## WHAT YOU SHOULD DO:
Transcribe every line of the material below without change, apart from dropping the pictures.

## GIVEN MATERIAL:
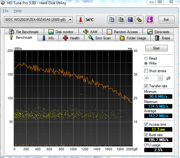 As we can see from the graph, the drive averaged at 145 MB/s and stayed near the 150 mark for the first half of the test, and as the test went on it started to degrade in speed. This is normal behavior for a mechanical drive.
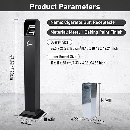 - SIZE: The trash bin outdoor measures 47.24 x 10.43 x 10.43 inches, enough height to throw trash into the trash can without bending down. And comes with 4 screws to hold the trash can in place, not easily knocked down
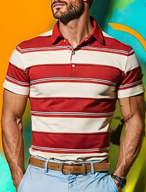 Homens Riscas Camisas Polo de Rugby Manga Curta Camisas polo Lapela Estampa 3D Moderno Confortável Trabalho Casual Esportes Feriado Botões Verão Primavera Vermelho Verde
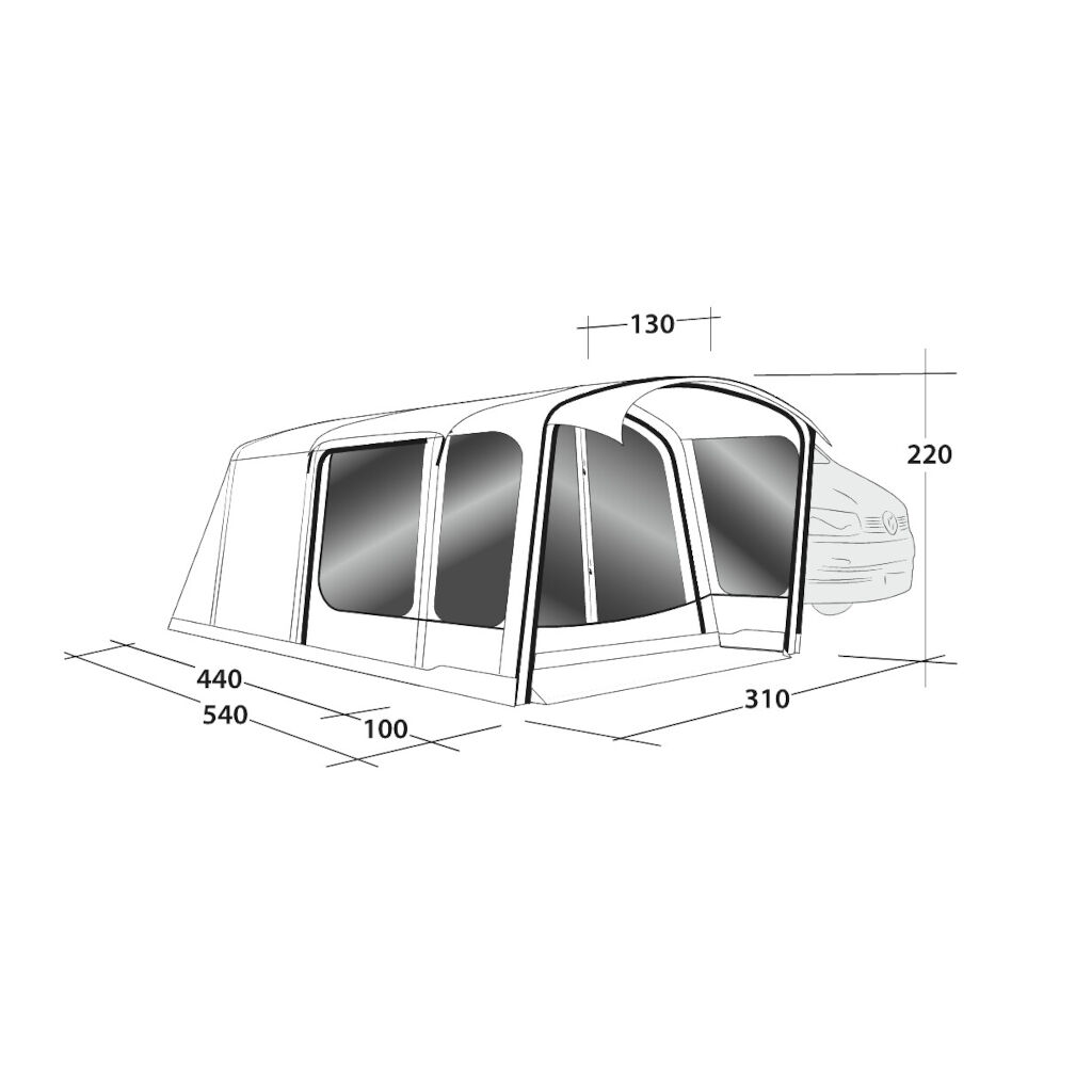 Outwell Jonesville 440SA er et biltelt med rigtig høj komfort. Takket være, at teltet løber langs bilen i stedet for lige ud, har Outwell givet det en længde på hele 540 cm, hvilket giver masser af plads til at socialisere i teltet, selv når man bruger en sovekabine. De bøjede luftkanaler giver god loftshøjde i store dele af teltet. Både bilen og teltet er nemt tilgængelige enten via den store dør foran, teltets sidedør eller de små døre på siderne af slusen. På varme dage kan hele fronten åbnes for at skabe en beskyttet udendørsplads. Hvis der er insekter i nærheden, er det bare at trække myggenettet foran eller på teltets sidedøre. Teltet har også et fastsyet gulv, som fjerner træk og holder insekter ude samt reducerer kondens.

## RESPONSE TO THE TASK:
 As we can see from the graph, the drive averaged at 145 MB/s and stayed near the 150 mark for the first half of the test, and as the test went on it started to degrade in speed. This is normal behavior for a mechanical drive.
 - SIZE: The trash bin outdoor measures 47.24 x 10.43 x 10.43 inches, enough height to throw trash into the trash can without bending down. And comes with 4 screws to hold the trash can in place, not easily knocked down
 Homens Riscas Camisas Polo de Rugby Manga Curta Camisas polo Lapela Estampa 3D Moderno Confortável Trabalho Casual Esportes Feriado Botões Verão Primavera Vermelho Verde
 Outwell Jonesville 440SA er et biltelt med rigtig høj komfort. Takket være, at teltet løber langs bilen i stedet for lige ud, har Outwell givet det en længde på hele 540 cm, hvilket giver masser af plads til at socialisere i teltet, selv når man bruger en sovekabine. De bøjede luftkanaler giver god loftshøjde i store dele af teltet. Både bilen og teltet er nemt tilgængelige enten via den store dør foran, teltets sidedør eller de små døre på siderne af slusen. På varme dage kan hele fronten åbnes for at skabe en beskyttet udendørsplads. Hvis der er insekter i nærheden, er det bare at trække myggenettet foran eller på teltets sidedøre. Teltet har også et fastsyet gulv, som fjerner træk og holder insekter ude samt reducerer kondens.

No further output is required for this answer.